(Items listed in a dataset)
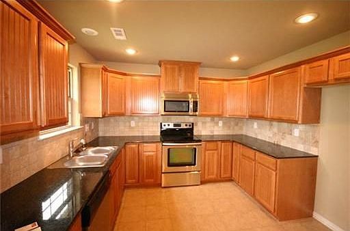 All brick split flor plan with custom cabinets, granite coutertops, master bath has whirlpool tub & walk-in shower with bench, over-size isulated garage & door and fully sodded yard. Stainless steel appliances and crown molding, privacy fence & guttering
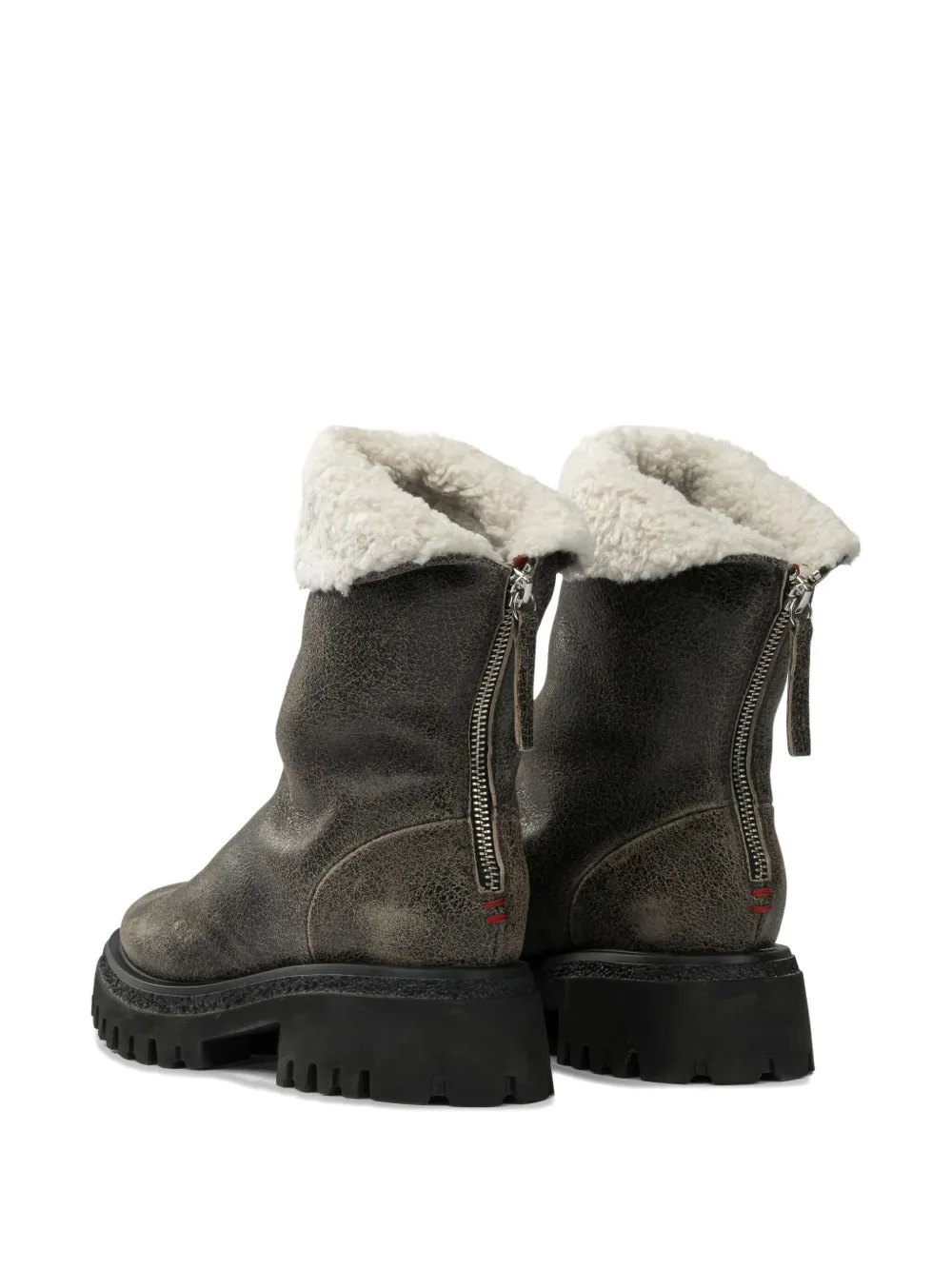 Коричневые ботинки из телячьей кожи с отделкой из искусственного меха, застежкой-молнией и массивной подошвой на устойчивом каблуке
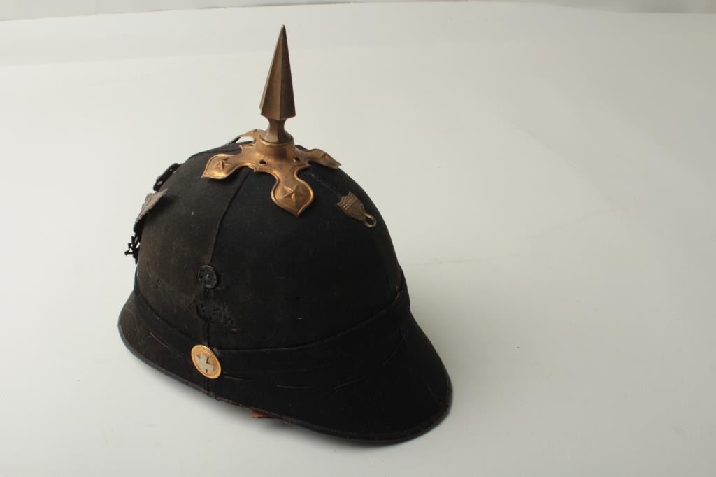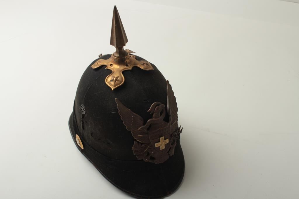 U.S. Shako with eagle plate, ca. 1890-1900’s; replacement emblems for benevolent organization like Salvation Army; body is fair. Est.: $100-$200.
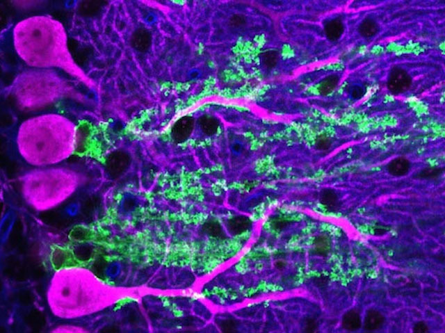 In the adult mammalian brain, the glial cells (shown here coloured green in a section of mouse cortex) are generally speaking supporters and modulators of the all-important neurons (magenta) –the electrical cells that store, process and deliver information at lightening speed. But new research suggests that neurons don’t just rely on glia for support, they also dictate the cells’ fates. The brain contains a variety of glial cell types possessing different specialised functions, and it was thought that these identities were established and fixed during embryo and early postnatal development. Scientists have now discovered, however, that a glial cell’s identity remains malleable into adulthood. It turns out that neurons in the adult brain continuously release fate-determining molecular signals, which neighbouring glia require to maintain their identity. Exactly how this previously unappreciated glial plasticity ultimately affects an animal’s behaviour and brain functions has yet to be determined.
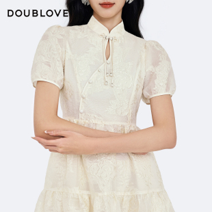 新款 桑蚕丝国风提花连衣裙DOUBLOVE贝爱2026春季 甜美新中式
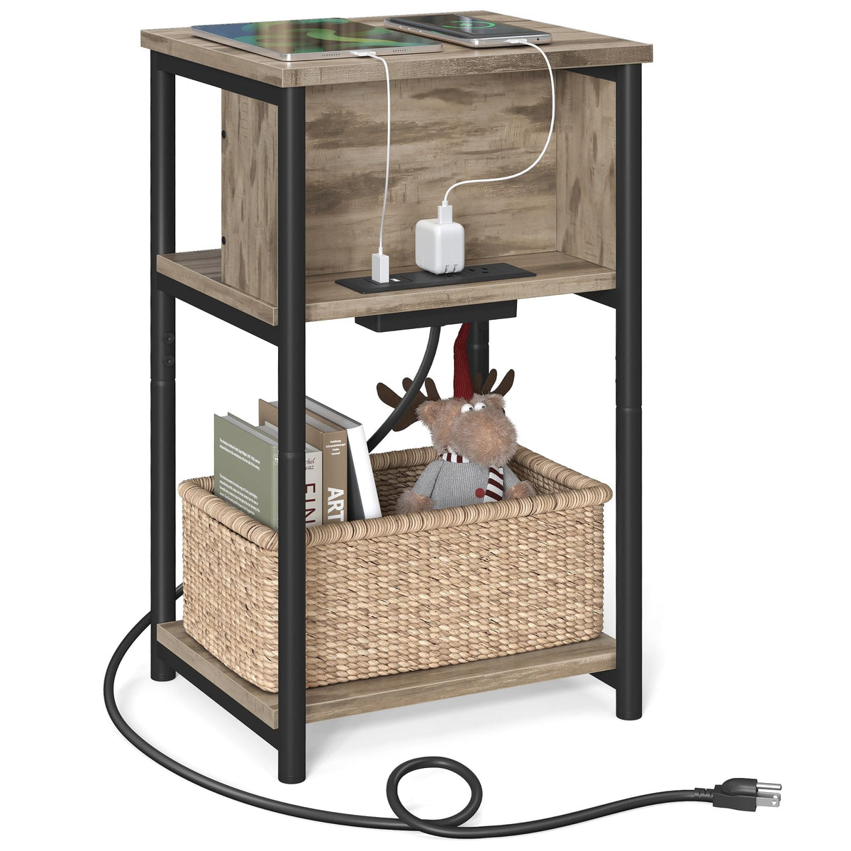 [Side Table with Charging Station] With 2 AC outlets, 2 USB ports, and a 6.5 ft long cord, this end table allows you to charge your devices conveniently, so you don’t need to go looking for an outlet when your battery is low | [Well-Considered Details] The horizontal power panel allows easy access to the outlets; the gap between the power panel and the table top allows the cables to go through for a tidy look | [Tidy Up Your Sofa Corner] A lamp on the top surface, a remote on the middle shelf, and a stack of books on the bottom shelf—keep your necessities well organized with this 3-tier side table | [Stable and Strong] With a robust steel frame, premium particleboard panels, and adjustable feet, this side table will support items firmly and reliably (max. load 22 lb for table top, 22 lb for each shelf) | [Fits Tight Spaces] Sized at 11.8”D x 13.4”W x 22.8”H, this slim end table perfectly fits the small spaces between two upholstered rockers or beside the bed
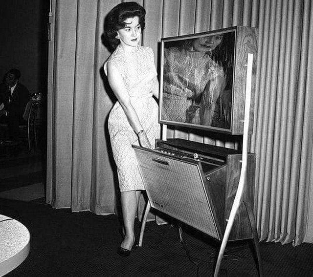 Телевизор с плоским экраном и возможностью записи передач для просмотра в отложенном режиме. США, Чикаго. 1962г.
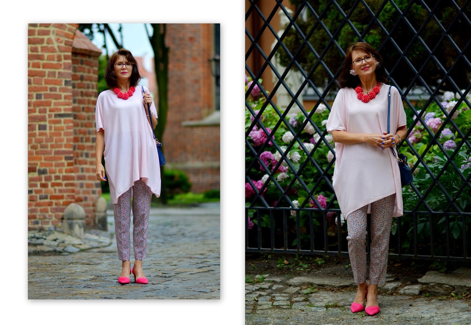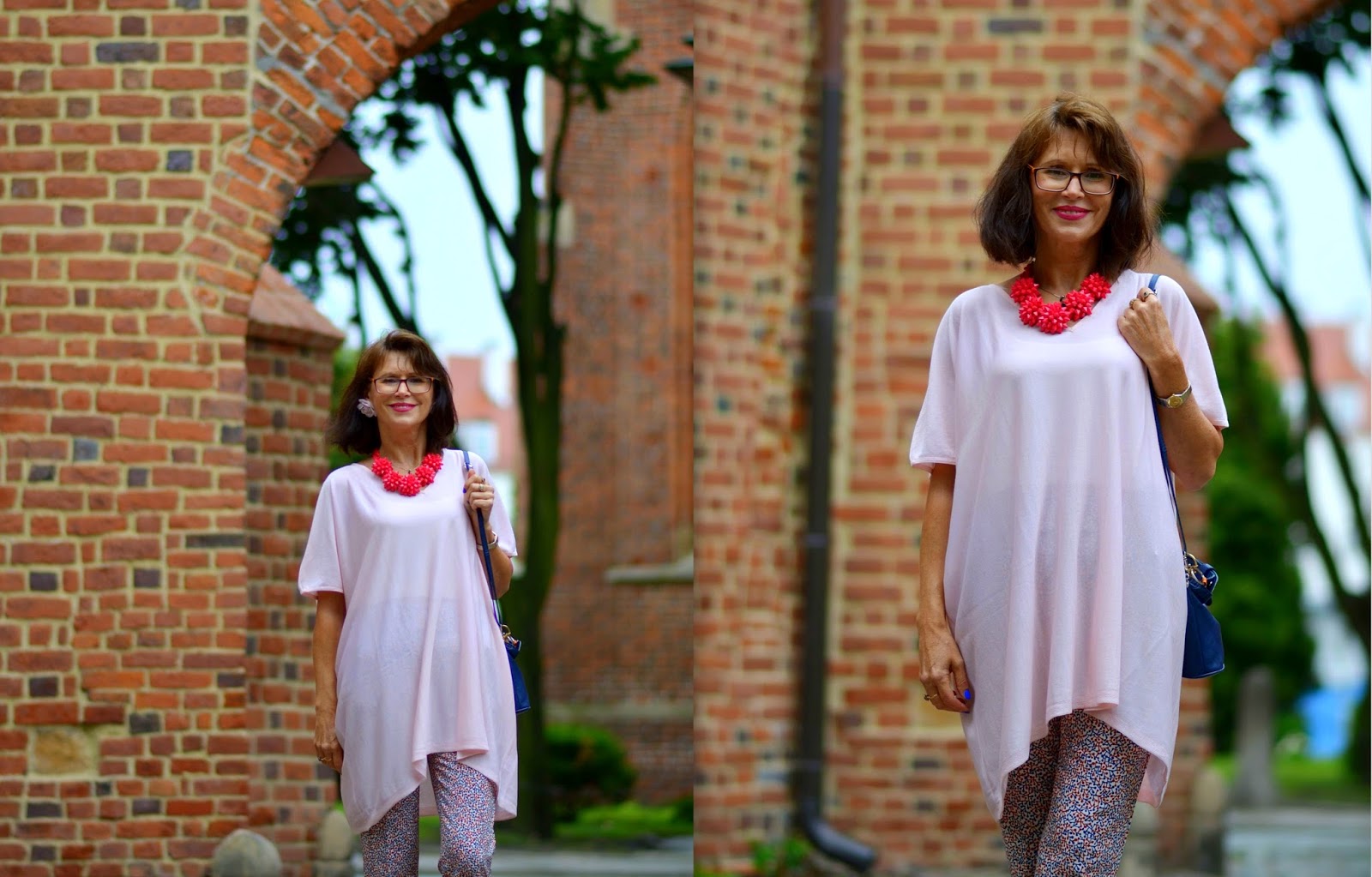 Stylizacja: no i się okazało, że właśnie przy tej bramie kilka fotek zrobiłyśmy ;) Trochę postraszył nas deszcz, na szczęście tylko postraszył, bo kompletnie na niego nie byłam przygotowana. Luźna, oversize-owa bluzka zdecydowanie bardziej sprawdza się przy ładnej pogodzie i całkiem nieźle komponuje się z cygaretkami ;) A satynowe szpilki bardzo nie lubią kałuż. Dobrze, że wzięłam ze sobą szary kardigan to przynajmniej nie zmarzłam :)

TASK ITEM:
All that is needed is an exact copy of the entries above, minus the pictures.

RESPONSE FOR THIS EXERCISE:
 All brick split flor plan with custom cabinets, granite coutertops, master bath has whirlpool tub & walk-in shower with bench, over-size isulated garage & door and fully sodded yard. Stainless steel appliances and crown molding, privacy fence & guttering
 Коричневые ботинки из телячьей кожи с отделкой из искусственного меха, застежкой-молнией и массивной подошвой на устойчивом каблуке
 U.S. Shako with eagle plate, ca. 1890-1900’s; replacement emblems for benevolent organization like Salvation Army; body is fair. Est.: $100-$200.
 In the adult mammalian brain, the glial cells (shown here coloured green in a section of mouse cortex) are generally speaking supporters and modulators of the all-important neurons (magenta) –the electrical cells that store, process and deliver information at lightening speed. But new research suggests that neurons don’t just rely on glia for support, they also dictate the cells’ fates. The brain contains a variety of glial cell types possessing different specialised functions, and it was thought that these identities were established and fixed during embryo and early postnatal development. Scientists have now discovered, however, that a glial cell’s identity remains malleable into adulthood. It turns out that neurons in the adult brain continuously release fate-determining molecular signals, which neighbouring glia require to maintain their identity. Exactly how this previously unappreciated glial plasticity ultimately affects an animal’s behaviour and brain functions has yet to be determined.
 新款 桑蚕丝国风提花连衣裙DOUBLOVE贝爱2026春季 甜美新中式
 [Side Table with Charging Station] With 2 AC outlets, 2 USB ports, and a 6.5 ft long cord, this end table allows you to charge your devices conveniently, so you don’t need to go looking for an outlet when your battery is low | [Well-Considered Details] The horizontal power panel allows easy access to the outlets; the gap between the power panel and the table top allows the cables to go through for a tidy look | [Tidy Up Your Sofa Corner] A lamp on the top surface, a remote on the middle shelf, and a stack of books on the bottom shelf—keep your necessities well organized with this 3-tier side table | [Stable and Strong] With a robust steel frame, premium particleboard panels, and adjustable feet, this side table will support items firmly and reliably (max. load 22 lb for table top, 22 lb for each shelf) | [Fits Tight Spaces] Sized at 11.8”D x 13.4”W x 22.8”H, this slim end table perfectly fits the small spaces between two upholstered rockers or beside the bed
 Телевизор с плоским экраном и возможностью записи передач для просмотра в отложенном режиме. США, Чикаго. 1962г.
 Stylizacja: no i się okazało, że właśnie przy tej bramie kilka fotek zrobiłyśmy ;) Trochę postraszył nas deszcz, na szczęście tylko postraszył, bo kompletnie na niego nie byłam przygotowana. Luźna, oversize-owa bluzka zdecydowanie bardziej sprawdza się przy ładnej pogodzie i całkiem nieźle komponuje się z cygaretkami ;) A satynowe szpilki bardzo nie lubią kałuż. Dobrze, że wzięłam ze sobą szary kardigan to przynajmniej nie zmarzłam :)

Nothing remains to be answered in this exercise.